Banditenliebe
Blick auf das Datum: 3. Juli 2004.
»Schuldig, vielleicht, aber trotzdem auf freiem Fuß. Sollte das der paradoxe Ausgang des Prozesses um den aufsehenerregenden Drogendiebstahl aus dem Rechtsmedizinischen Institut sein? Es besteht die Gefahr, dass die Beteiligten nicht belangt werden … Die Staatsanwaltschaft bietet einen Handel an, aber vom Gericht ist zu erfahren, dass die Vertreter der Beschuldigten auf ein verkürztes Verfahren aus sind. Nur eine Instanz, alles oder nichts …«
»Normalerweise sind die Kuriere kleine Fische, die leicht zu opfern sind«, meinte ich wenig überzeugt. »Ich hab noch nie gehört, dass eine Organisation einen derart komplizierten Plan aufbaut, um einem schlichten Transporteur den Arsch zu retten.«
»Vielleicht war er ja gar nicht so schlicht, oder aber es steckt was anderes dahinter.«
»Mag schon sein. Aber ich verstehe nicht, wie uns das Ganze helfen soll, den Typen mit dem Ring zu identifizieren und herauszufinden, was mit Sylvie ist.«
Wie immer, wenn ich in jenen Tagen ihren Namen aussprach, spürte ich einen Stich am Mageneingang. Die Ungewissheit über ihr Schicksal weckte die schlimmsten Albträume voller unsagbarer Gewalt. Eine schöne Frau, eine Rache … die Zutaten waren alle da, und ich konnte mich von den bösen Gedanken nicht lösen.

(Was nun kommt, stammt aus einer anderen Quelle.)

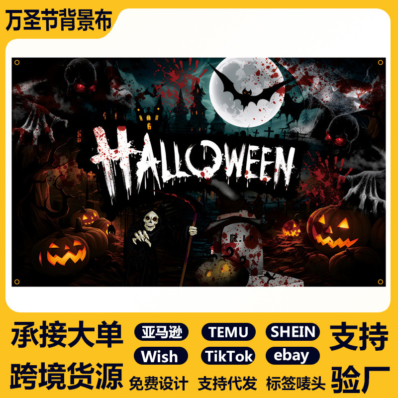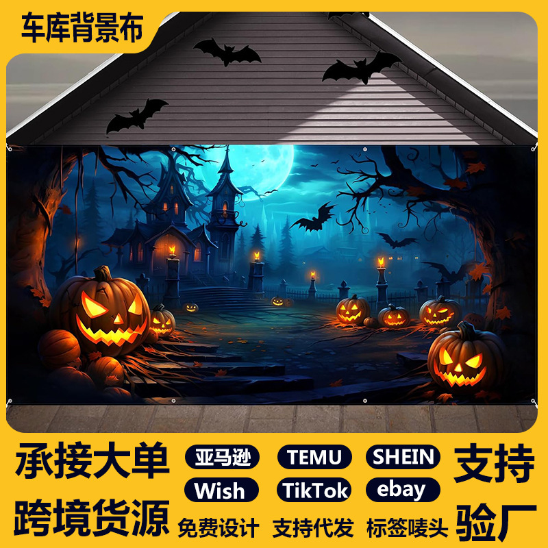 ハロウィン新しいクロスボーダー写真撮影ガレージ背景布バナー恐ろしいモンスター雰囲気シーンレイアウト撮影装飾

»Du bist unkonzentriert«, tadelte mich der Dicke.
»Entschuldige, ich muss einfach dran denken …«
Max hob die Hand, um mich zum Schweigen zu bringen. »Komm, Marco, lass uns so tun, als ob das irgendein Fall wäre, sonst drehen wir noch durch. Und das können wir uns nicht erlauben.«
Ich nickte und bat ihn weiterzureden.
»Wir müssen die Geschichte dieses Diebstahls rekonstruieren, obwohl der nichts damit zu tun zu haben scheint; aber wir brauchen möglichst viele Details, um die Rolle des Toten zu klären. Ich habe mich um den Ring gekümmert: ein Siegelring, an der flachen Stelle wird das Wappen eingraviert.«
»Ein Adliger?«
»Das bezweifle ich. Das Kreuz ist zu grob gewesen, und ich habe es in keinem Wappenverzeichnis im Internet gefunden«, antwortete er. »Jedenfalls gehört es zu keinem bekannten Haus.«
»Und?«
Mein Partner hob die Arme. »Mehr hab ich nicht herausfinden können.«
Ich blickte auf die Flasche mit dem »Vénérable«-Calvados von Roger Groult, dann zur Wanduhr. Zwanzig nach vier Uhr nachmittags. Ich seufzte. Bis zum ersten Glas würde ich noch einige Zeit warten müssen. Seit zwei Jahren hatte ich den Vorsatz, erst nach dem Abendessen zu trinken, die einzige Methode, um nicht zum Alkoholiker zu werden. Aber an manchen Tagen kam ich von den Uhrzeigern nicht weg.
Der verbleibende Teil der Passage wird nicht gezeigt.